_Data block_
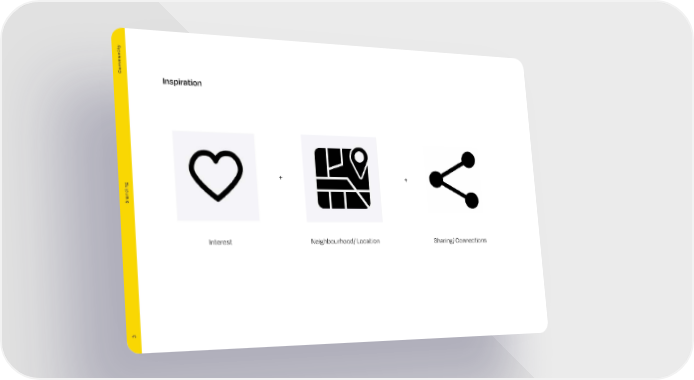 Commun1ty Inspiration + + Branding Interest Neighbourhood/ Location Sharing/ Connections 3
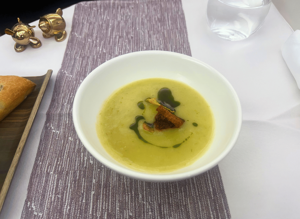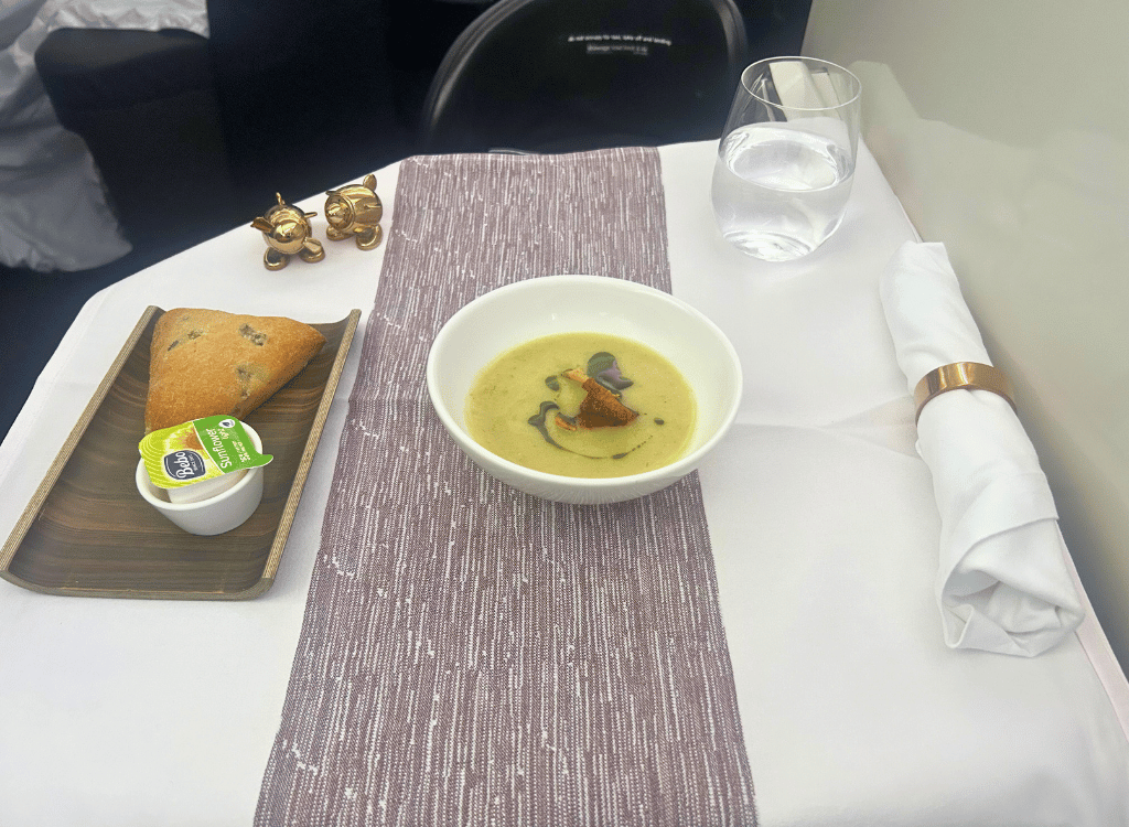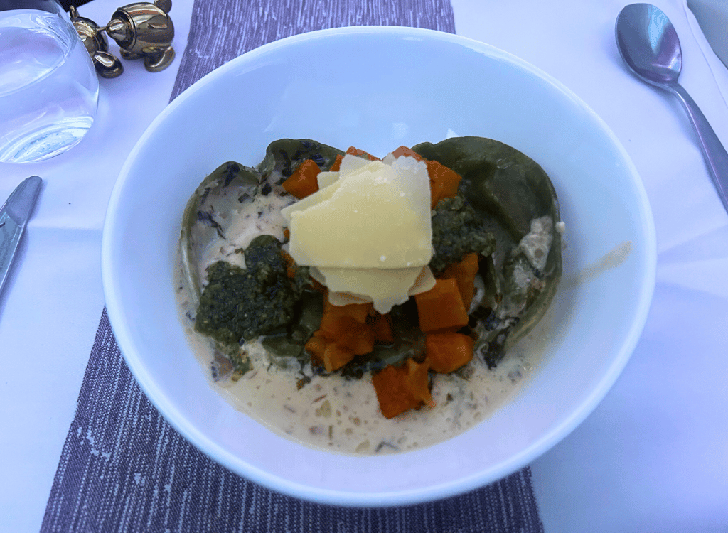 My lunch was the veg soup and pumpkin pasta. So it turns out, they just gave me the vegetarian options from the business class menu! On this day, my veg meal was of business class quality!
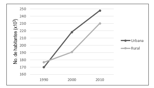 Fuente: Censos de Población y Vivienda de INEGI (1990, 2000 y 2010).
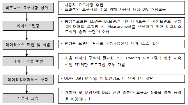 - 나선형방법론 적용: 데이터웨어하우스 프로젝트가 수행되는 동안 모든 비즈니스 요구사항을 취합하는 것은 불가능, 팀 조직화에 세심한 주의를 기울이며 반복적으로 구축

_Try it_
The range to transcribe runs from the line holding "My lunch was" through the final line of the data above; copy it exactly and exclude the pictures.

_Solved problem_
 My lunch was the veg soup and pumpkin pasta. So it turns out, they just gave me the vegetarian options from the business class menu! On this day, my veg meal was of business class quality!
 Fuente: Censos de Población y Vivienda de INEGI (1990, 2000 y 2010).
 - 나선형방법론 적용: 데이터웨어하우스 프로젝트가 수행되는 동안 모든 비즈니스 요구사항을 취합하는 것은 불가능, 팀 조직화에 세심한 주의를 기울이며 반복적으로 구축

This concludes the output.